Problem details
Please return the lines below verbatim, beginning at the one that has "四川康藏路橋有限責(zé)任" and stopping after the one that has "E-Invoices > Electronic invoices", and add no other lines.

Material provided
######

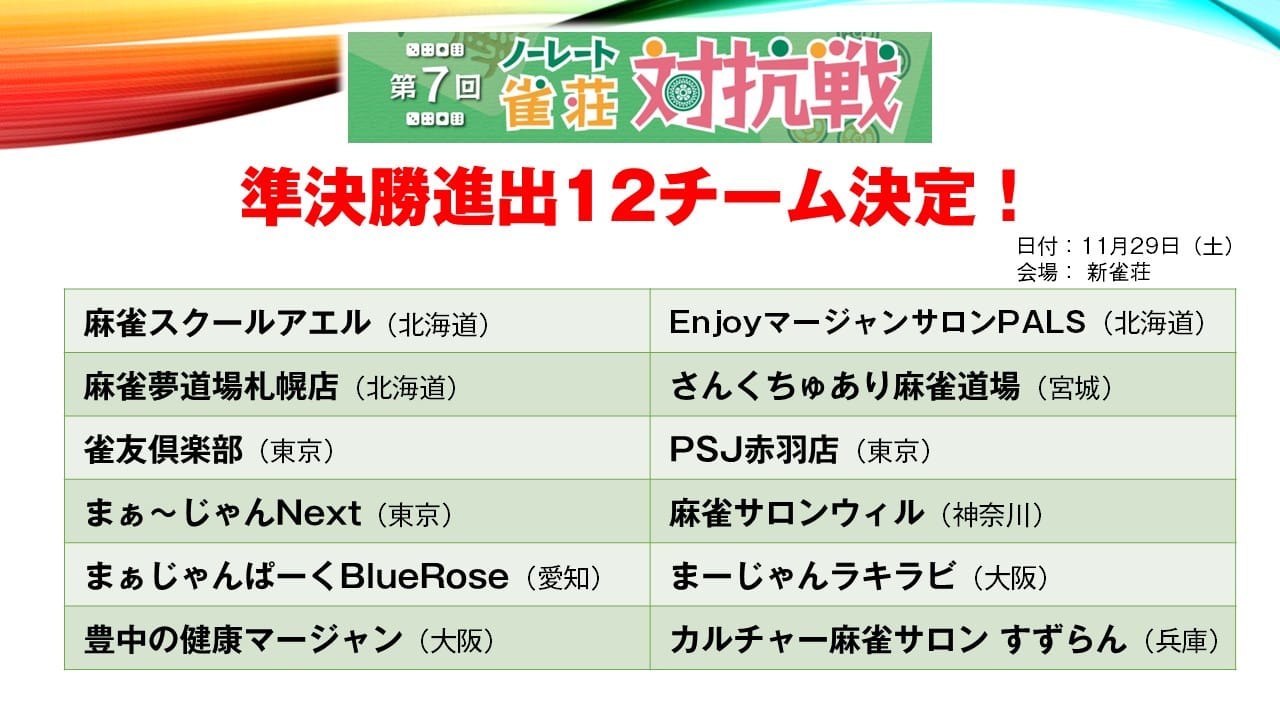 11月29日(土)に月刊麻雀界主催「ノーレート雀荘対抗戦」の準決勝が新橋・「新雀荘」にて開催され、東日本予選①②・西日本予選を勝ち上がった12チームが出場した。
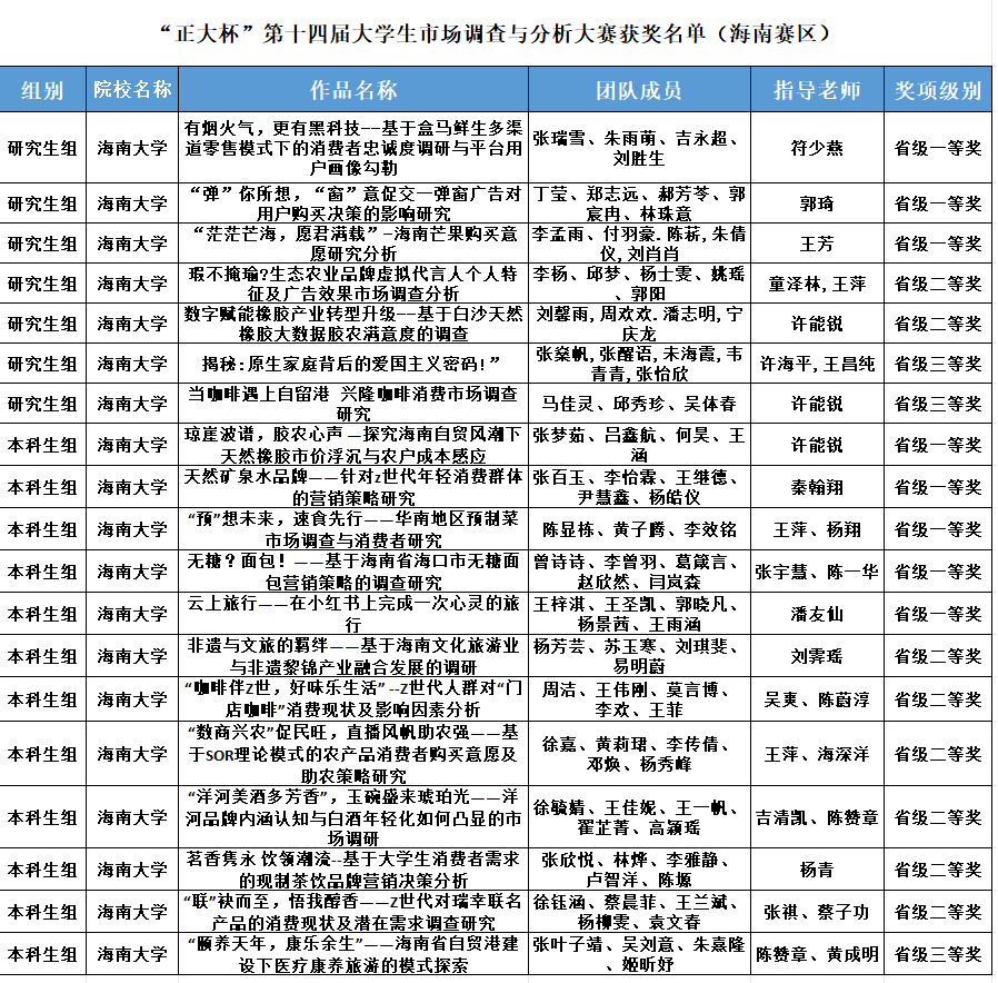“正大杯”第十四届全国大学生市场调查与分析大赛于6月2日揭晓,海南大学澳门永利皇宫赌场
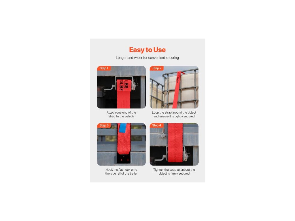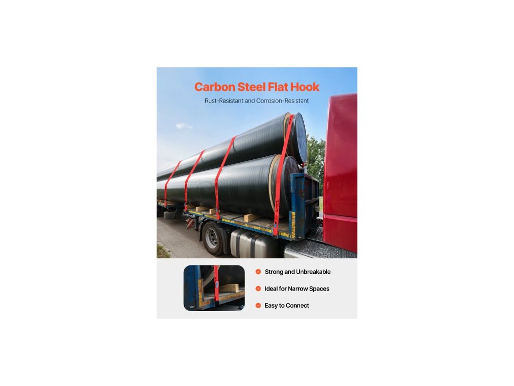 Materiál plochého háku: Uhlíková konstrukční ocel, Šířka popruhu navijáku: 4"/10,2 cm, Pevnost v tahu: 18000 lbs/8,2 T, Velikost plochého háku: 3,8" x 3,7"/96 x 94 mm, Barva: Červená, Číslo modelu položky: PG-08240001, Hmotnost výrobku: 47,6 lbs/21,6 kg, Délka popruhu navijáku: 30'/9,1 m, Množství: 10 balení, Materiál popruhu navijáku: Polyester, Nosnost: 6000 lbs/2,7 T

######

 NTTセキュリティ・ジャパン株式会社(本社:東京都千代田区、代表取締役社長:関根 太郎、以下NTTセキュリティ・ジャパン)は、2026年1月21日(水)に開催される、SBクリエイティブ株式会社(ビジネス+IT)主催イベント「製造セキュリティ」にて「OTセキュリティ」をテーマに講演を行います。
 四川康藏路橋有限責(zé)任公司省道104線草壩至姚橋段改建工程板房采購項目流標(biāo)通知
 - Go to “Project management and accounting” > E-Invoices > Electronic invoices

######

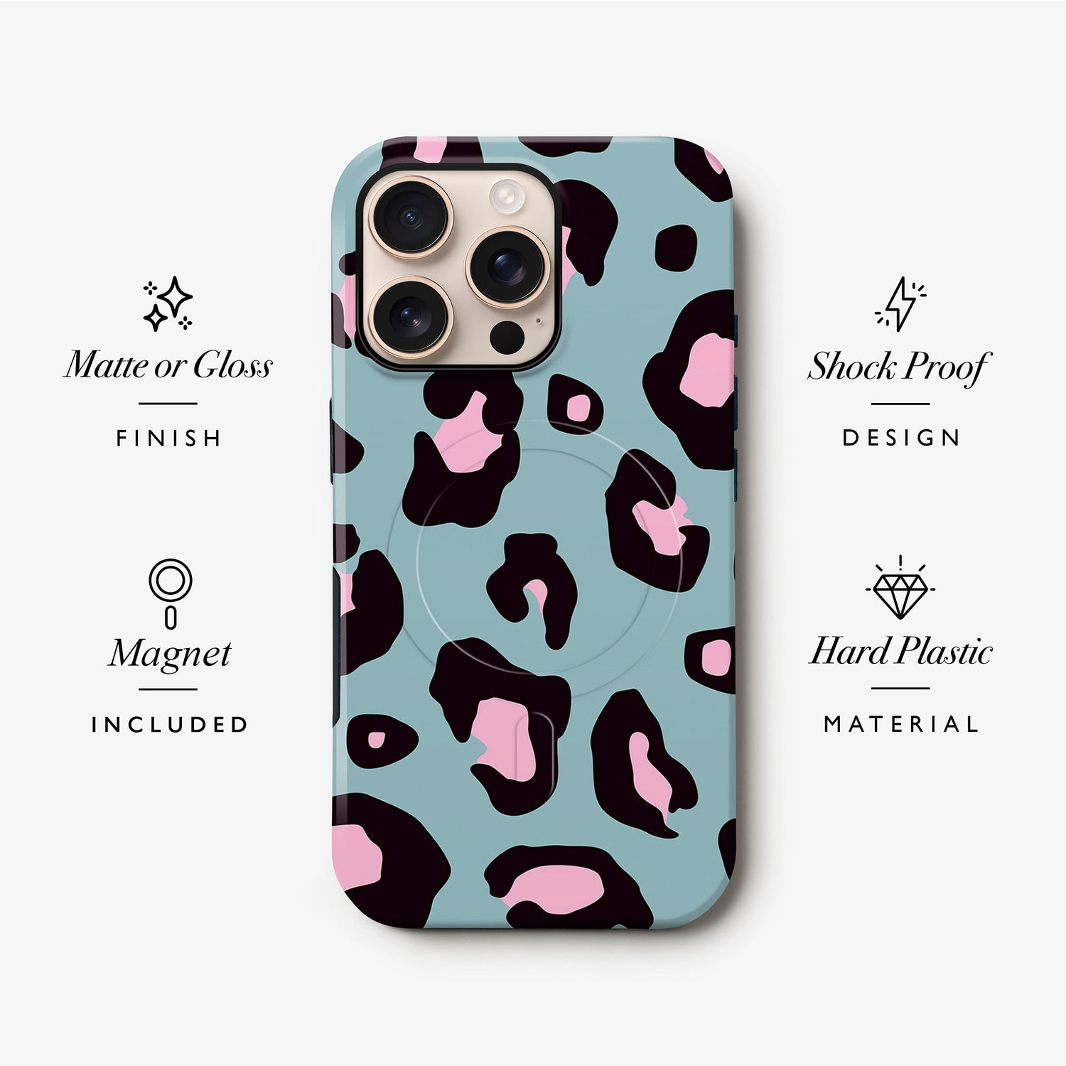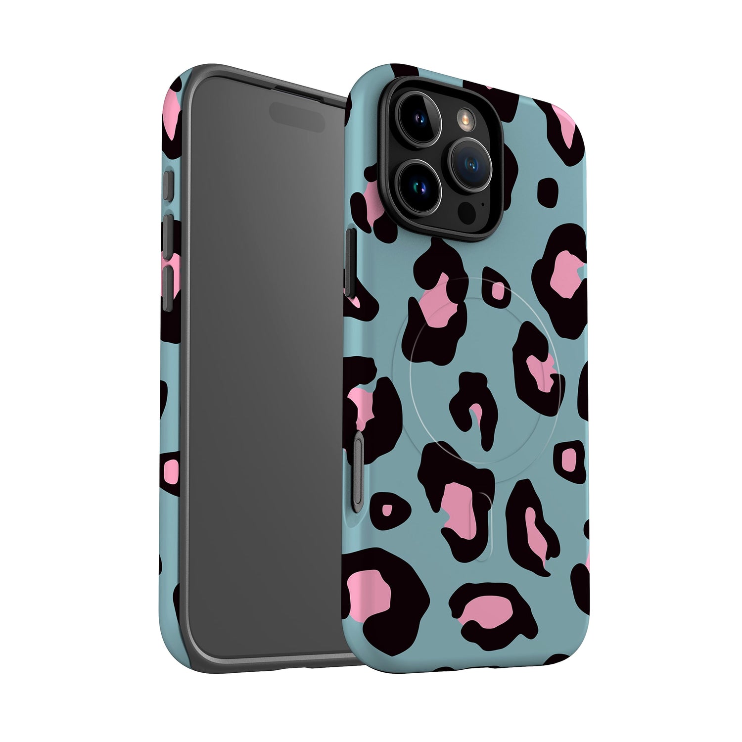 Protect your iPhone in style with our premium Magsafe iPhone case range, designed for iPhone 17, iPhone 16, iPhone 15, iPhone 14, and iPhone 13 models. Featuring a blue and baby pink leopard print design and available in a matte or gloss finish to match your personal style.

######

Reply
 四川康藏路橋有限責(zé)任公司省道104線草壩至姚橋段改建工程板房采購項目流標(biāo)通知
 - Go to “Project management and accounting” > E-Invoices > Electronic invoices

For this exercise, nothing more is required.